In a Fix
When you pin your header to the top using
position:fixed
it's no longer contained by your page-wrap. So I start the .page-wrap
after
the header, and duplicate the width and margins on a wrapper div within the header:
/* match backgrounds */
body, .header-top { background: #eaeaea; }
/* can't assume only one "header" in HTML5 */
.header-top {
/* pin to top - 0 is default */
position: fixed;
/* raise z-index to cover */
z-index: 1;
/* cover full width when zoomed */
width: 100% }
/* match widths, margins & padding */
.page-wrap, .header-wrap {
width: 90%;
min-width: 320px;
max-width: 640px;
/* center on page */
margin: 0 auto;
/* separate content from window edge --
here (not on body) to work with fixed header */
padding: 0 10px;}
I also add a little padding between the window edge and the content, for when the window is at or below the min-width specified. (Yes, I'm just that anal.)
Mobile: Your Call
Mobile Safari supports
position:fixed
(
with some quirks
), but that doesn't mean it's a good idea.
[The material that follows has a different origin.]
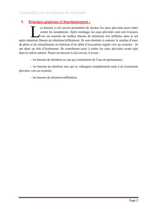 Ce document présente une vue d'ensemble sur les bassins de rétention, leur fonctionnement, leurs types (secs, en eau, et infiltration) et les contraintes de conception nécessaires. Les bassins de rétention jouent un rôle essentiel dans la gestion des eaux pluviales pour prévenir les inondations, et leur conception doit tenir compte de plusieurs facteurs techniques comme l'hydrologie et l'hydraulique. Les recommandations incluent des considérations pour l'étanchéité, l'accès pour l'entretien et la protection des talus.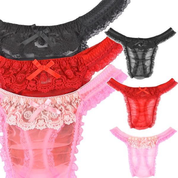 メンズ Tバック シースルー ハーフ フロントレース/男性下着/女装

Make sure to test your fixed header on mobile, in
both
orientations:
Consider using CSS media queries to target device-width or orientation and then change the header position from fixed to absolute, so that it scrolls — or make the fixed header more compact. You could also change the initial-scale:
<meta name="viewport" content="width=device-width, initial-scale=.5">
Scaling on iOS has its own idiosyncracies: Here, the fixed header tries to maintain its percentage-based width and reflow, whereas the scrolling content zooms off the screen and can be moved around freely (unless user-scalable=false). That's why I set the header at 100% with a background, so it always covers.
If you know the content will be scaled, you might choose to have your page-wrap and header-wrap set to 100% instead of 80 or 90 — or change it at smaller sizes with a media query, so that the header stretches to the edges.
It's become common practice to include
<meta name="viewport" content="width=device-width">
in the document head, but make sure that gives you the result you want. It's powerful meta mojo that
you may not need
if your site isn't fully-responsive.
Hitting the Heights
In this example, I've specified a height for the header, knowing its content. I can decide how it will reflow when the window resizes, using media queries or absolute positioning (here, I have it expand up from the bottom).
But what if the header content is unknown or dynamic? One idea is to replace the top padding on the page-wrap with a duplicate of the header content and its styling (minus the position:fixed). The fixed header simply covers it — though I go ahead and set the duplicate to be invisible and ignored by screen readers. ( Example CodePen here — right-click to Open Link in New Tab.)
A last note: Remember that your #top anchor can't be in the fixed header.